Виктория Павловна залилась нехорошим, злым смехом, с вздрагивающими страстным возбуждением нервными нотами:
— А вдруг я не шучу? Будто бы вы уж так уверены, что я шучу? Александр Валентинович! Вы как думаете? Шучу я или нет?
— Бог вас знает, — с самому себе неожиданною искренностью ответил я. — Во всяком случае, если и впрямь на свидание спешили, — ночку выбрали на диво. Самая романтическая, обольстительная, оперная ночь. «В такую ночь она поверила ему».
— И отлично сделала, — почти сердито буркнула Виктория Павловна.
— Кто же вам мешает? — попытался я поддержать шутку. — Поверьте и вы…
— Кто? — перехватила она реплику, с коротким смехом, — как кто? Да вы помешали.
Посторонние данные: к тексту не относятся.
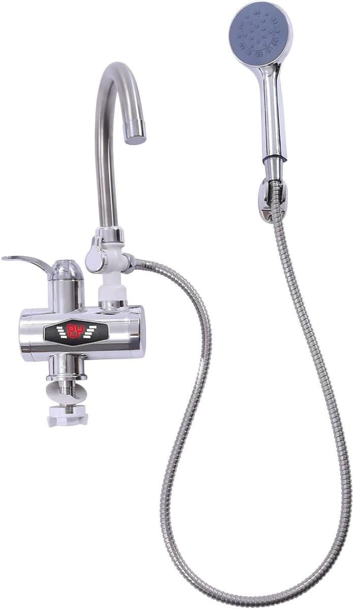 Ervaar direct warm water met deze innovatieve elektrische doorstroomkraan, de perfecte oplossing voor uw keuken of badkamer. Zeg vaarwel tegen het wachten op warm water en geniet van direct comfort, precies wanneer u het nodig heeft. Deze kraan is ontworpen om uw dagelijkse taken te vergemakkelijken en uw leven aangenamer te maken. Herkent u het ongemak van koude handen tijdens het afwassen of het wachten op warm water voor uw ochtendritueel? Met deze doorstroomkraan behoort dat tot het verleden. De kraan levert onmiddellijk warm water, waardoor u tijd bespaart en het comfort in uw woning aanzienlijk verhoogt. Ideaal voor drukke ochtenden, snelle schoonmaaktaken of wanneer u gewoonweg direct behoefte heeft aan warm water. Deze veelzijdige kraan is niet alleen geschikt voor thuisgebruik, maar ook voor hotels, campers, werkplaatsen en andere locaties waar direct warm water gewenst is. De 360° draaibare uitloop zorgt voor maximale flexibiliteit bij het reinigen van grote pannen of het bereiken van alle hoeken van de gootsteen. Of u nu groenten wilt wassen, de afwas doet, of snel uw handen wilt verwarmen, deze kraan past zich moeiteloos aan uw behoeften aan. De meegeleverde douchekop met flexibele slang biedt extra functionaliteit, perfect voor het spoelen van objecten die niet direct onder de kraan passen, of voor het comfortabel douchen van huisdieren. Geniet van het ultieme gemak en de efficiëntie die deze doorstroomkraan biedt. De snelle verwarmingstechnologie zorgt ervoor dat u binnen enkele seconden warm water heeft, wat resulteert in een aanzienlijke besparing op uw waterverbruik. Het intuïtieve LCD-scherm toont de exacte watertemperatuur, zodat u altijd de controle heeft en verbranding door te heet water wordt voorkomen. Dit zorgt voor extra veiligheid, met name in huishoudens met kinderen. De duurzame constructie, met een roestvrijstalen verwarmingselement en een robuuste ABS-behuizing, garandeert een lange levensduur en betrouwbare prestaties. Een uniek kenmerk van deze kraan is de geavanceerde LCD-temperatuurweergave, waarmee u de watertemperatuur nauwkeurig kunt monitoren. Dit voegt een laag van veiligheid en gebruiksgemak toe die u niet bij standaard kranen vindt. Bovendien is de kraan ontworpen met het oog op veiligheid, met IPX4 waterdichtheid en gescheiden water- en elektriciteitscircuits, inclusief bescherming tegen oververhitting en kortsluiting. De kraan kan op twee manieren worden geïnstalleerd: op het werkblad of onder het werkblad, wat flexibiliteit biedt bij de montage. De mogelijkheid om te kiezen tussen een gebogen kraanuitloop en een douchekop met slang maakt deze kraan uitzonderlijk veelzijdig voor diverse reinigingstaken. Wacht niet langer en upgrade uw keuken of badkamer met deze efficiënte en gebruiksvriendelijke elektrische doorstroomkraan. Ervaar het comfort van direct warm water en maak uw dagelijkse taken eenvoudiger en aangenamer. Bestel vandaag nog en geniet van een verbeterde woonervaring!
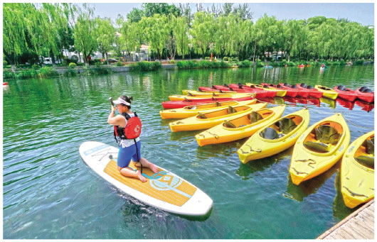 7月5日,市民在亮马河上参加水上运动。北京市朝阳区对辖区内的亮马河从改建驳岸、绿化美化、照明亮化、水体治理、动植物保护等方面进行全面景观和环境提升,串联起“1河2湖24桥18景”。同时,朝阳区还建立河湖长制、每日专人巡查制,采取物业专业管理、社会居民共治等一系列措施。18公里的滨水绿道全线贯通,游人可以在亮马河两岸跑步、散步,还可以乘船游览,参加皮划艇、桨板等体育运动。亮马河成为一条城市中的“亲民河”。 新华社记者李欣摄

Я не нашелся, что возразить. Бурун нелепо скрипел горлом, стараясь изобразить саркастический смех.
— Так вы ступайте на ваше свидание, ступайте, мы не задерживаем, — выговорил он суконным языком. Виктория Павловна нетерпеливо шевельнулась на месте.
— Вот что французы называют желтым смехом, — колко заметила она и зевнула. — А который-то теперь час?
Я взглянул на часы:
— Двадцать шесть минут одиннадцатого.
— Ого!
Она резко вскочила на ноги и распрощалась с нами бойким, шаловливым поклоном:
— Милорды, покойной ночи.
— Все-таки, на свидание? — улыбнулся я.
— Нет, — отвечала она, уже на-ходу, — вы меня расхолодили. Заряд пропал даром.
— Извините, извините… — скрипел Бурун.
— Ничего, — хладнокровно возразила Виктория Павловна, — Бог простит. Наше время не ушло. Наверстаем, что пропустили. Еще раз, — adios, caballeros!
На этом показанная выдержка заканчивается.